Joyce Aubrey was a singer and recording artist who was popular in the Netherlands in the 1960s as part of the duo Wanda & Joyce. She is also the mother of singer Wanda de Fretes as well as the ex-wife of legendary steel guitarist George de Fretes. In addition to her solo efforts, she also recorded with George de Fretes and the Amboina Serenaders, a popular Netherlands based band whose members included Ming Luhulima and Rudi Wairata. Some of their songs did well in Germany as well.

==Background==
Joyce Aubrey was an Indonesian singer who married musician George de Fretes. Together they had a daughter Wanda who was born in Indonesia in 1946. In later years Wanda would become a recording artist. By 1952, she had divorced George de Fretes and she took her daughter to the Netherlands. Some ten years later she and her daughter were living in the Hague. Later Aubrey married bassist Fred Hoogduin.

==Career==
In the late 1950s she was the singer for the band the Mena Moeria Minstrels, that included Ming Luhulima. She was a member of the Amboina Serenaders which included Rudi Wairata. Their earliest recordings were released on 78 RPM discs. In 1958, Jan de Winter who was a producer for Phonogram Records in the Netherlands invited her ex-husband George to a recording session at a studio in Hilversum. At the session which included Aubrey and her ex-husband, they recorded Krontjong songs. One of the songs from the session was "Sarina".

In the early 1960s she had recorded some solo singles. One was "Heimwee naar Soerabaja" bw "'n Droomschilderij" which was released on the Fontana label in 1961. The following year she had another which was "Carolina Melodie" bw "Cowboy Jimmy Jo" also by Fontana.

Along with her daughter Wanda, she gained popularity in the Netherlands, singing Mayalan songs.

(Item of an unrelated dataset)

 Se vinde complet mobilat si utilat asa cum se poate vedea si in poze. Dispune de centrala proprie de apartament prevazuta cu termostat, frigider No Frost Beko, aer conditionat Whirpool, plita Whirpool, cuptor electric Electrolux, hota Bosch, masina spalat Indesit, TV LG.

An EP record containing the songs "Ajoen", "Si Patokaan", "Rasa Sajang" and "Koleh" was released on the Fontana label. In 1964 an EP by the pair was released on Fontana. It included "Tari piring kaparinyo", "Tari paying", "Timang si buyung" and "Dayung-dayung ".

She was reputed to be an excellent steel guitar player herself but no recordings have been made of her playing the instrument.

==Discography Joyce Aubrey==

===Singles===
- "Heimwee naar Soerabaja" / "'n Droomschilderij" - Fontana TF 266 118 - (1960)
- "Carolina melodie" / "Cowboy Jimmy Jo" - Fontana TF 266 214 - (1961)

==Discography Wanda & Joyce==

===Singles===
- "Ajun Ajun" / "Es Gibt Ein Wunderland" - Fontana TF 266 394
- "Hula Serenade" / "Ik Ken Een Sprookjesland" - Fontana TF 266 403 - (1962)
- "Zwei Braune Hawaiianos" / "Loahe" - Fontana TF 266 420 - (1963)
- With the Rhythm Brothers
- "Ajoen Ajoen" / "Koleh Koleh" - Fontana TF 266 336 - (1962)
- "Patokaan" / "Rasa Sajang Keneh" - Fontana TF 266 337 - (1962)
- "Oleh Oleh Bandung" / "Rasa Sajang" - Fontana TF 266.338 - (1962)
- "Mari Njong Berami Ramai" / "Potong Padi" - Fontana TF 266 339 - (1962)
- With Jack Bulterman
- "Tari Payung" / "Tari Piring Kaparinyo" - Fontana TF 266 452 - (1964)
- "Timang Si Buyung" / "Dayung-Dayung" - Fontana TF 266 453 - (1964)

===Extended play===
- With The Rhythm Brothers
- Wanda & Joyce Vol. 1 - "Ajoen Ajoen", "Patokaan" / "Rasa Sajang Keneh", "Koleh Koleh" - Fontana TE 463 269 - (1962)
- Wanda & Joyce Vol. 2 - "Oleh Oleh Bandung", "Mari Njong Beramai Ramai" / "Rasa Sajang Keneh", "Potong Padi" - Fontana TE 463 270 - (1963)
- With Jack Bulterman
- Tari Piring Kaparinyo - "Tari Piring Kaparinyo", "Tari Payung" / "Timang Si Buyung", "Dayung-Dayung" - Fontana TE 463 297 - (1964)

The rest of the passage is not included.